Андре Бретон - Антология черного юмора
Точно комета, Дюшан проносится через недолгий период увлечения живописью («Печальный молодой человек в поезде», «Обнаженная, спускающаяся по лестнице», «Король и королева, окруженные стремительно обнаженными», «Девственница», «Переход от девственности к невесте», «Невеста») и в 1913-23 гг. занимается созданием своего «анти-шедевра», дела всей жизни, которым стала «Невеста, раздетая своими холостяками — одна в двух лицах». Вместе с этим, протестуя против творческого скудоумия, дешевых претензий на серьезность и пустого художественного тщеславия, он подписывает своим именем множество готовых объектов (ready made) — вешалку для пальто, расческу, сушилку для бутылок, колесо от велосипеда, писсуар, лопатку для расчистки снега и многие другие, — которые отныне возводятся в ранг произведений искусства уже самим фактом его выбора. На пути к реди-мейдам замещенным («картиной Рембрандта хорошо пользоваться в качестве гладильной доски») он на мгновение останавливается на реди-мейдах «подправленных»: это Джоконда, украшенная парою усов, или птичья клетка, в которой термометр соседствует с кусочками мрамора, поразительно напоминающими кубики рафинада, и пр.

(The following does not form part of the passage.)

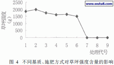 11513 根系鲜重 草地早熟禾的根系是须根系, 通过大量的须根絮结到一起形成草毯, 因此草坪草根系的重量, 直接影响草皮的强度。本试验在各小区随机抽取3个1cm2 的样方, 测出草坪草根系的平均鲜重, 并进行方差分析。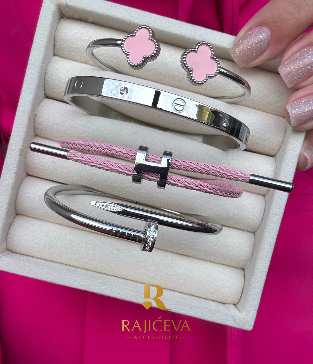 Ekser, Love, Lora i Sefora sa dve roze deteline narukvice u boji srebra.

Ниже к вящему удовольствию читателя следуют несколько дюшановских «мыслей наоборот», мало кому известных, на дающих удивительно точное представление о его вдохновении, а также довольно полная подборка фраз, составленных им из слов, прошедших «терапию случайного совпадения» — фраз, дополняющих замечательную компанию описанных выше объектов и предстающих теми искрами, которые сыплются обыкновенно из наших глаз при столкновении с чудесным; они ясно показывают, чего следует ждать он «консервированных случайностей» — фирменного блюда Марселя Дюшана.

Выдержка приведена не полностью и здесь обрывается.